# Some stuff i did for my 'band' at work today...



## Daemoniac (May 1, 2009)

Figured i hadnt _touched_ photoshop in years, and felt like fiddling around with some stuff for my pseudonym on soundclick (Shotgun Partisan). Here they are 























































































What think you?

EDIT: All done


----------



## cataclysm_child (May 1, 2009)

Very nice! I like the blue one


----------



## Daemoniac (May 1, 2009)

Cheers, i wanted to theme them around certain colours.


----------



## Mattmc74 (May 1, 2009)

Wow! Those look really cool. Nice job!


----------



## Daemoniac (May 1, 2009)

The more i look at them, the more i like the 1st one, and the second one


----------



## Mattmc74 (May 1, 2009)

I like the second one with the trees the best!


----------



## Daemoniac (May 1, 2009)

Thanks man.

I think the last one needs something still, the text down the bottom doesn't fit in properly, too much red. If i can get it like the top text, that would be cool


----------



## Mattmc74 (May 1, 2009)

I think if you made the bottom text green like the green at the top of the picture it would pop out a little more with the black bottom.


----------



## Daemoniac (May 1, 2009)

^  Ill try that


----------



## DarkKnight369 (May 1, 2009)

Looks good. Did you have the photos you used to make those lying around or did you steal them off the internet?


----------



## Konfyouzd (May 1, 2009)

cataclysm_child said:


> Very nice! I like the blue one



haha that reminds me of the movie Cube "I like the blue room... I wanna go back to the blue room."  (God I hope you've seen that movie. Otherwise I just sound like a jackass.)


----------



## Daemoniac (May 1, 2009)

DarkKnight369 said:


> Looks good. Did you have the photos you used to make those lying around or did you steal them off the internet?

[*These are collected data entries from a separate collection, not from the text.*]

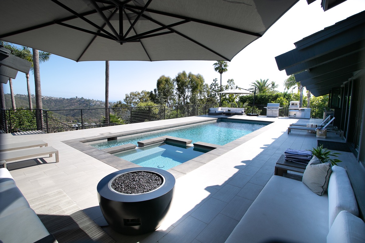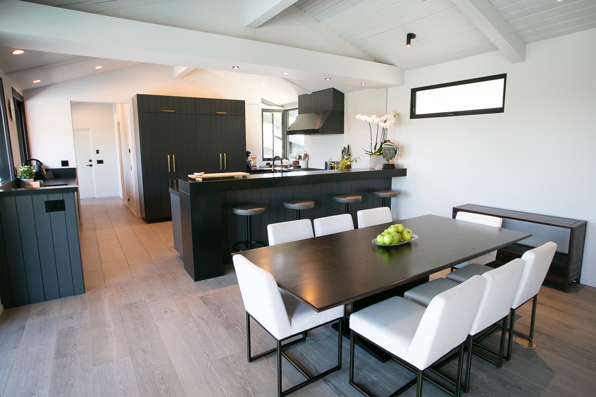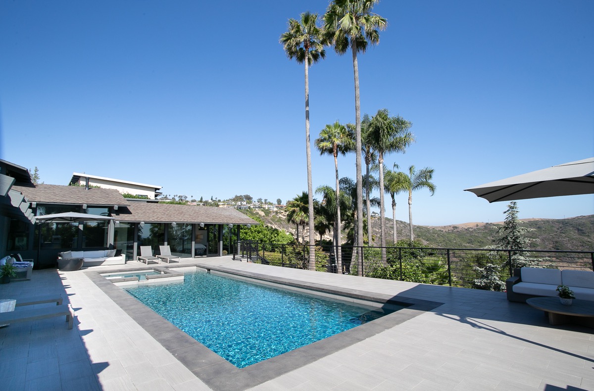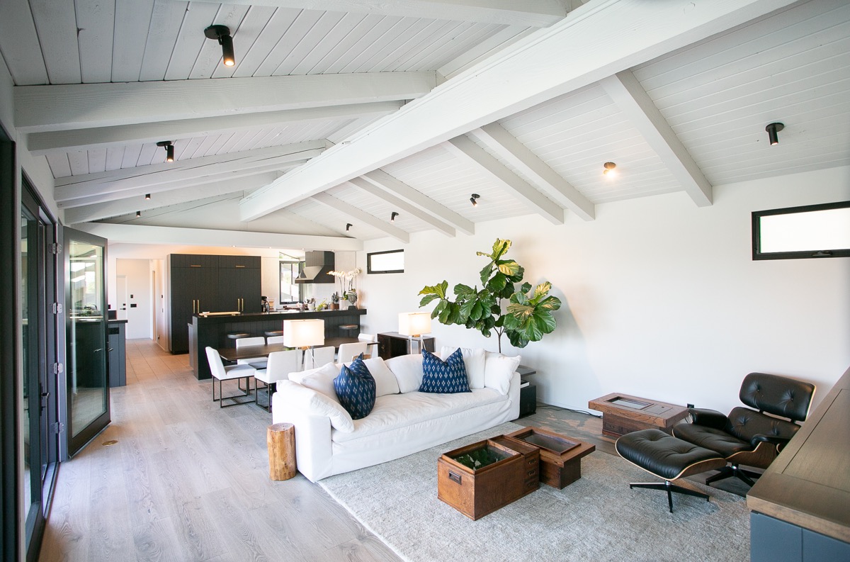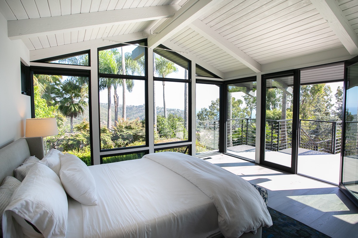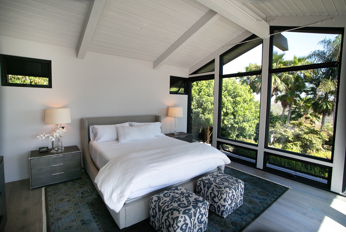 A minimal color palette creates bold interiors in this Laguna pad. The best part? The epic views from that master!
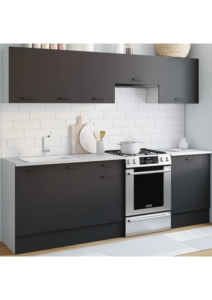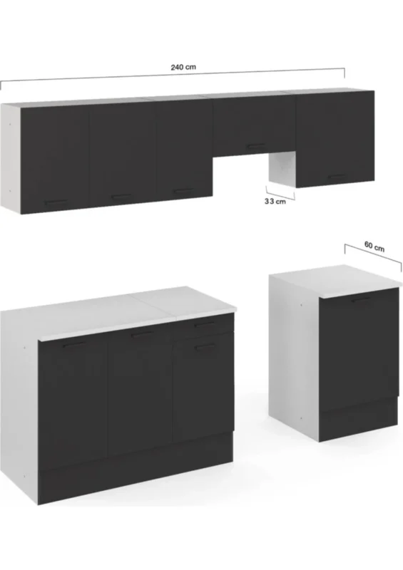 Vena Hazır Mutfak Dolabı 240 cm -Beyaz Laminat Tezgah Dahil-Antrasit-Mat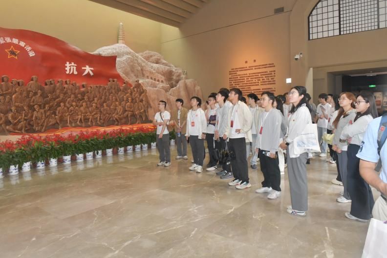 19日中午,实践队首站抵达延安革命纪念馆。在3.5万件文物与5500余幅历史照片前,师生们驻足凝视泛黄的《解放日报》、朴素的纺车与草鞋,通过讲解员的生动讲述,全景式回顾了党中央在延安领导中国革命走向胜利的伟大历程。“这些实物比教科书更震撼!”随行学生感慨,“每一件展品都在诉说着信仰的力量。”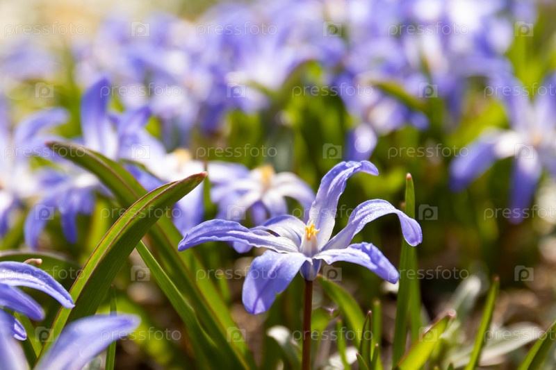 Примулы хионодокса. Общий вид цветущего растения, крупный план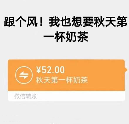 秋天的第一杯奶茶:2020年年9月22日是秋分,所以很多人感觉到秋天了。但其实秋分是意味着秋意渐浓,立秋才是到了秋天。网络上有网友晒聊天记录,有人给她发52.0块钱的红包,说请她喝秋天的第一杯奶茶。因为感觉很浪漫、甜蜜,之后网络上开始很多人给自己喜欢的人发秋天第一杯奶茶的红包,所以这只是秀恩爱的一种新型方式,给对方发这个红包主要也是表达对对方的喜欢。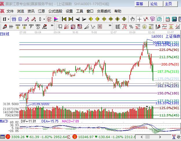 周三大盤高開低走長陰殺跌大跌1.82%,從開盤算下跌有百點,創(chuàng)業(yè)板探低回升上漲近1%。板塊方面,地產(chǎn)、銀行、家電、釀酒、石油、保險、航運等藍籌大跌;鄉(xiāng)村振興、次新和科技類成長股引領題材股行情,跌停停仍有近40家。技術方面,滬指中陰失守極反通道日線生命線,周線生命線是3270附近,短周期15、30、60分鐘均進入極弱通道,7號下午的短期時間今日早盤仍有效,關注江恩百分比225度與240度所構成的支撐帶是否能短期止跌;創(chuàng)業(yè)板預計將圍繞弱勢外軌線震蕩,構造平臺蓄勢;上證50調整看日線生命線與上升級趨勢線位置。短線投機者支撐帶如能止跌可超短輕倉參與,穩(wěn)健波段者休息。長線倉位4成持股不動,3290、3273為日內(nèi)支撐,3335、3340為日內(nèi)壓力。僅供參考,不構成任何投資建議。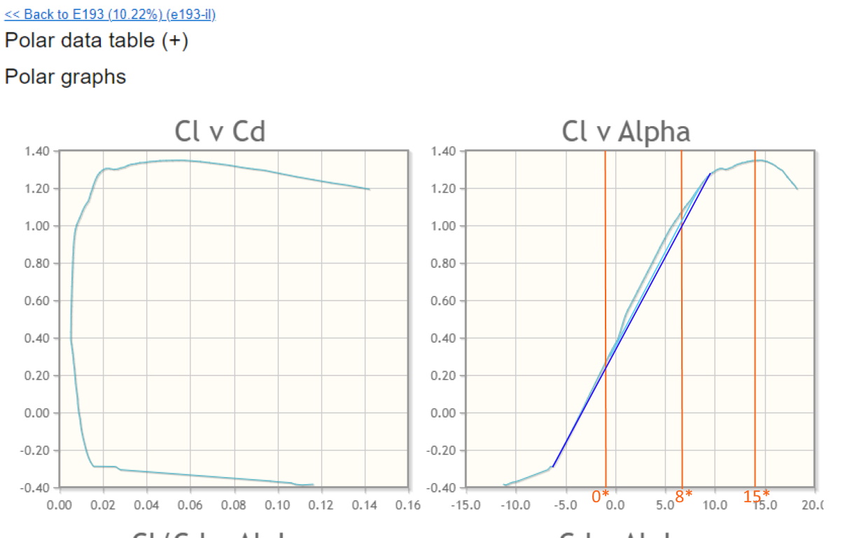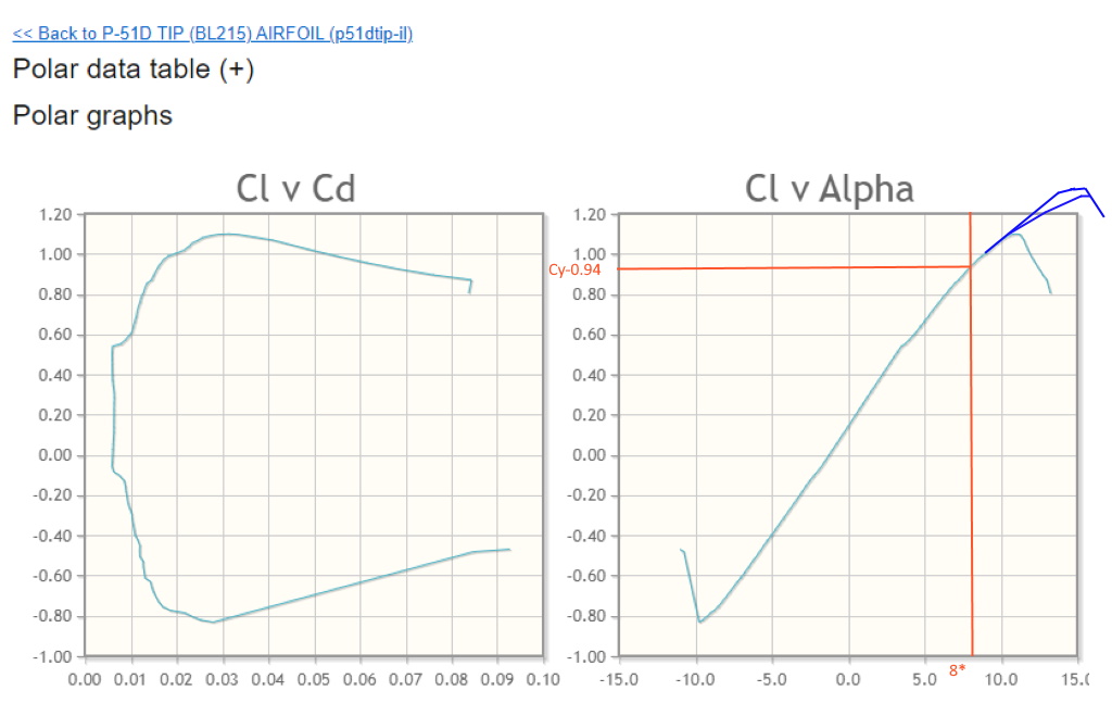 Переписывал поляру несколько раз - в тесте не то получалось. Графика продувки целого самолёта у нас нет. Есть продувка крыла XP-51(картинка ниже с каляками прикида) и графики из аир-фойл, которые пытался сопоставить: http://airfoiltools.com/airfoil/deta...oil=p51dtip-il http://airfoiltools.com/polar/detail...tip-il-1000000 http://airfoiltools.com/polar/detail...a05-il-1000000 http://airfoiltools.com/polar/detail...415-il-1000000 Читал: https://ww2aircraft.net/forum/thread...f-p-51d.54306/ https://ww2aircraft.net/forum/thread.../#post-1207807 По аир-фойл для Мустанга на графике очень маленькое Cy max - 1.1. Думаю, что конструкторы Мустанга не стали б заморачиваться с хитрыми методами улучшения профиля НАСА 65(2)-415(?), если бы в результате понизилось Cy max от исходного. Поэтому в поляре поставил наибольшее Cy max - 1.35. Остальное - это наложение графиков профилей из аир-фойл на график продувки крыла XP-51. Код: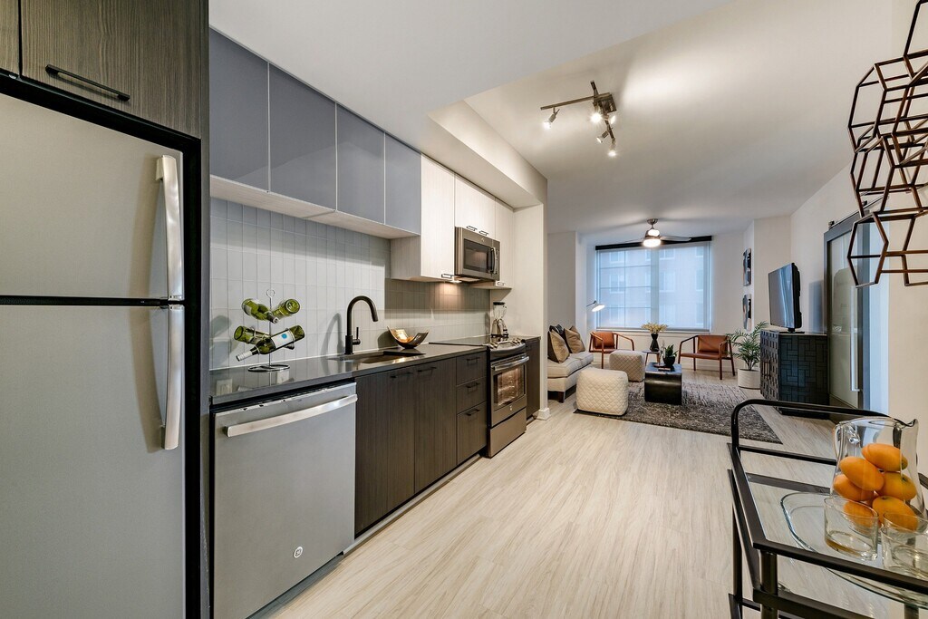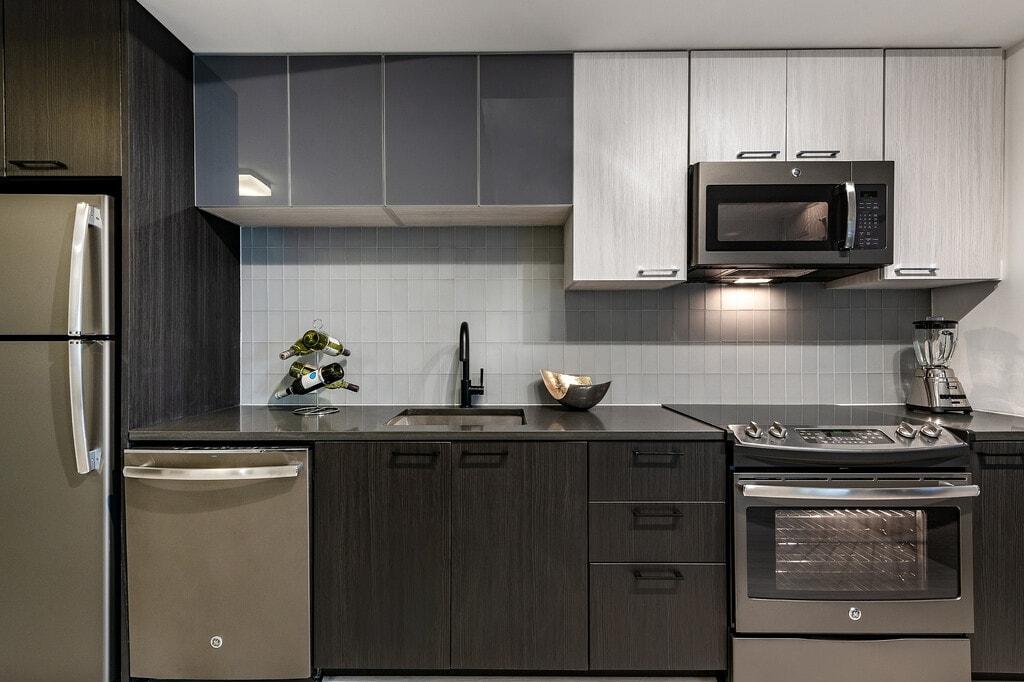 - Gabinetes modernos, encimeras de cuarzo y placas para salpicaduras de vidrio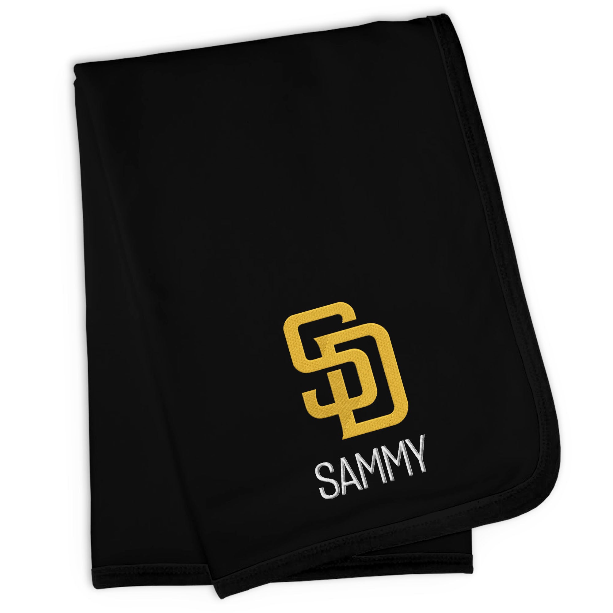 Our Personalized San Diego Padres Blanket is sized just right for a baby baseball fan. Constructed from super soft 100% cotton jersey knit and trimmed in Padres team colors, this blanket is perfect for walks in the stroller or swaddling at bedtime.  Each blanket is embroidered with the official Padres logo and your little one’s name or nickname.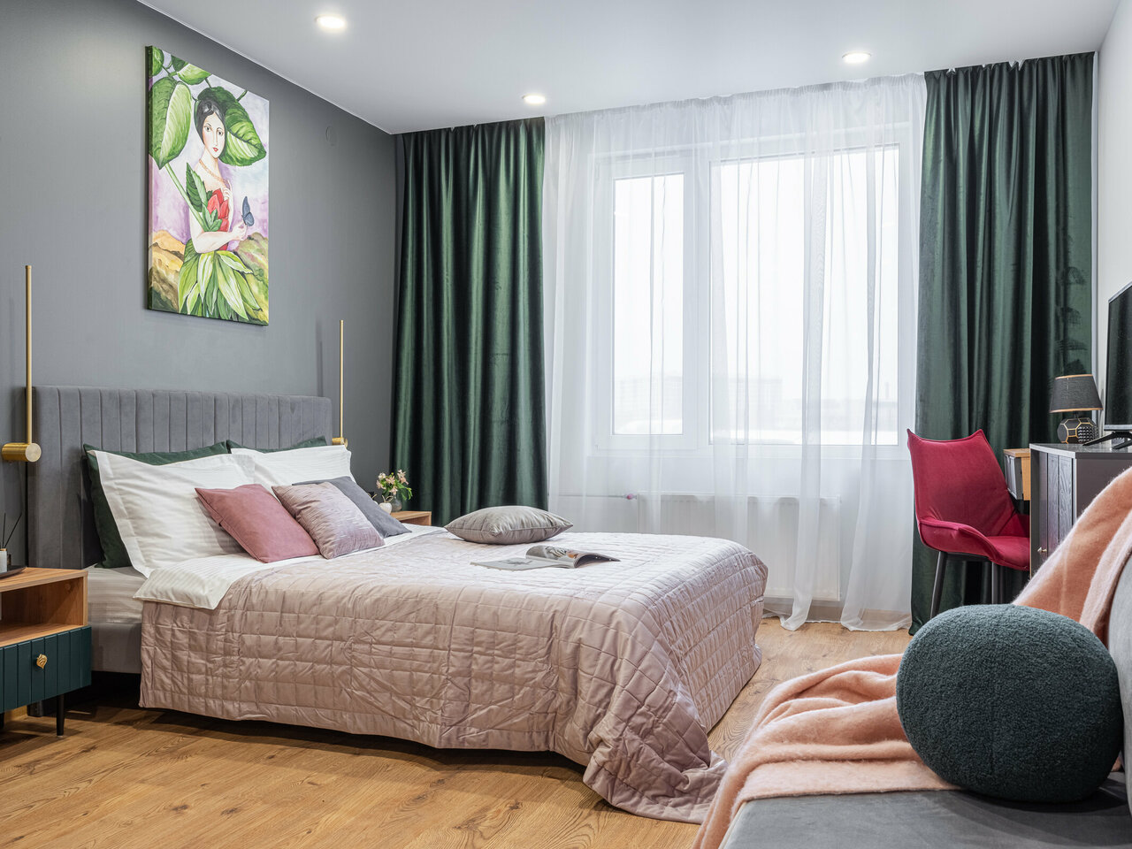 Апартаменты GREEN VELVET покорят Вас своим уютом, атмосферой и яркостью красок. Удобен для гостей с детьми и подростками. В номере полноценный большой диван.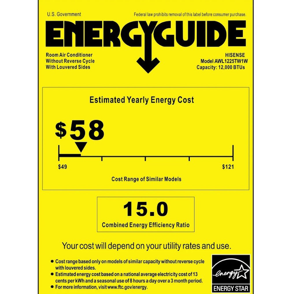 Hisense UltraSlim 12,000 BTU Smart Inverter Window Air Conditioner, Energy Star AWL1225TW1W Specifications: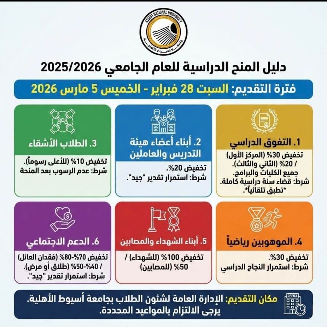 وأكدت جامعة أسيوط الأهلية أن هذه المنح تأتي ضمن استراتيجية تطوير منظومة المنح الدراسية الجامعية وتشمل مسارات متنوعة لدعم الطلاب في المجالات الأكاديمية والرياضية والاجتماعية.
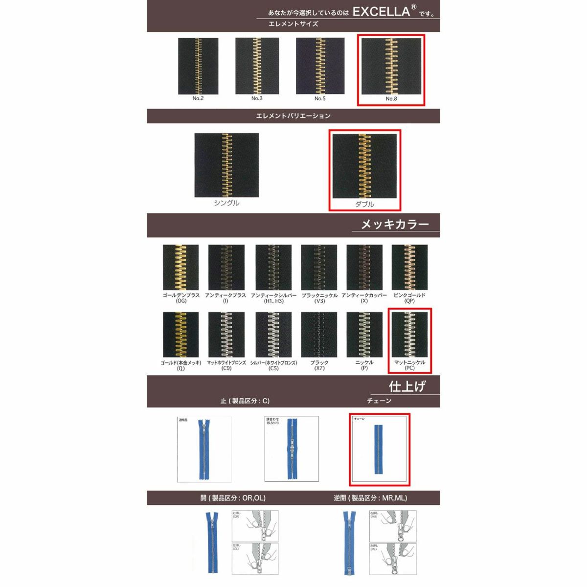 他の画像を見る 卸会員限定商品 【取寄】【OPダブル・逆開】【ダブルチェーン】【EXCELLA】 8SGWPC MR DA1 / DA1-PC2 マットニッケル YKK取り寄せ品 鞄・財布 衣料品 25cm仕上げの場合 ¥ 1,405 税込 会員価格あり 在庫切れ 専用PW入力後、卸価格になります。 詳細を見る お気に入りに登録する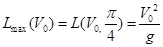 А после подстановки данного выражения обратно в зависимость дальности, найдем максимальное расстояние броска, которое можно обеспечить при заданной начальной скорости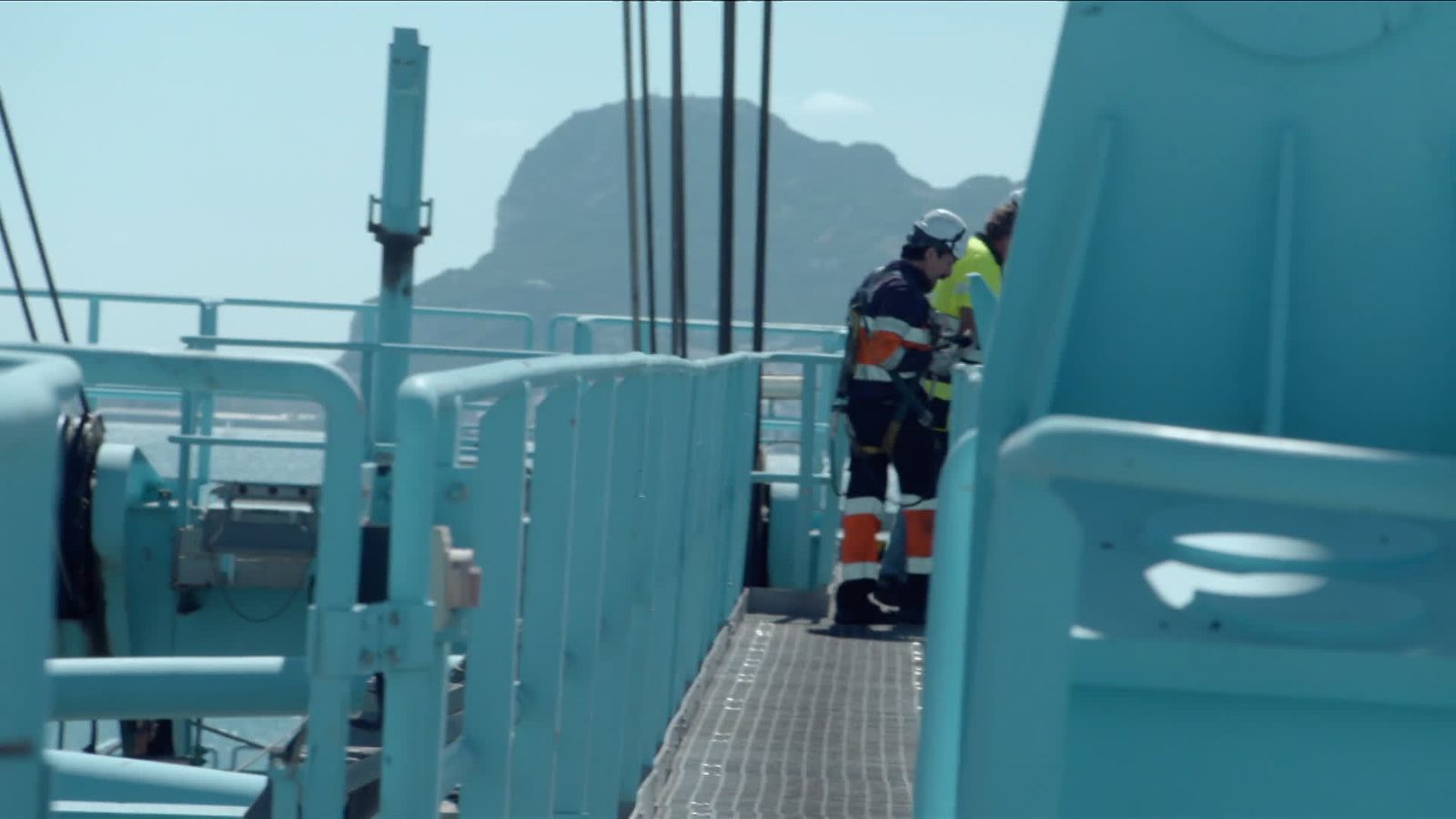 تستكشف الحلقة الجانب الأقل وضوحاً في الموانئ: **الصيانة الوقائية والطارئة**. يواجه قبطان زورق السحب في ساغونتو خطر الاصطدام بالمقدمة المنتفخة لسفينة شحن ضخمة أثناء مناورة في طقس سيئ. في الجزيرة الخضراء، تُسلط الأضواء على فريق الصيانة الذي يخاطر بحياته على ارتفاع 56 متراً لإصلاح رافعة عملاقة

I took a couple of them, and i also got some of the really high res ones off a site my work uses to get royalty free high res images


----------



## DarkKnight369 (May 4, 2009)

Demoniac said:


> I took a couple of them, and i also got some of the really high res ones off a site my work uses to get royalty free high res images



Cool. Just making sure you aren't stealing shit off google.


----------



## Daemoniac (May 5, 2009)

Did some more today


----------



## vampiregenocide (May 5, 2009)

Love those last two man, some sick work.


----------



## Daemoniac (May 5, 2009)

vampiregenocide said:


> Love those last two man, some sick work.



Thanks man  ima try and get some more pics today at work and chances are will do more


----------



## Daemoniac (May 7, 2009)

and now there are more


----------



## kazzie (May 10, 2009)

I love all of it!
Very grungy and decay-like.


Did you use stock images?


----------



## Daemoniac (May 11, 2009)

Cheers 

Most of the images i found on a site my work uses to get free-hi-res stuff (jupiterimages? ) and the rest i found randomly searching for free hi-res stuff in google  So its all legal, just free, and a couple i took myself.

Its really nothing fancy, just picking the right images for the right layer, and the right filters... like a jigsaw puzzle that you can make any way you want, with whatever pieces yu want 

EDIT: Also cutting and pasting appropriately, and some skills with Adobe Illustrator


----------



## kazzie (May 11, 2009)

Love it !


----------



## Daemoniac (May 12, 2009)

Thanks  Im always adding more stuff cos i have some downtime at work  So every second i get spare i try to do more.


----------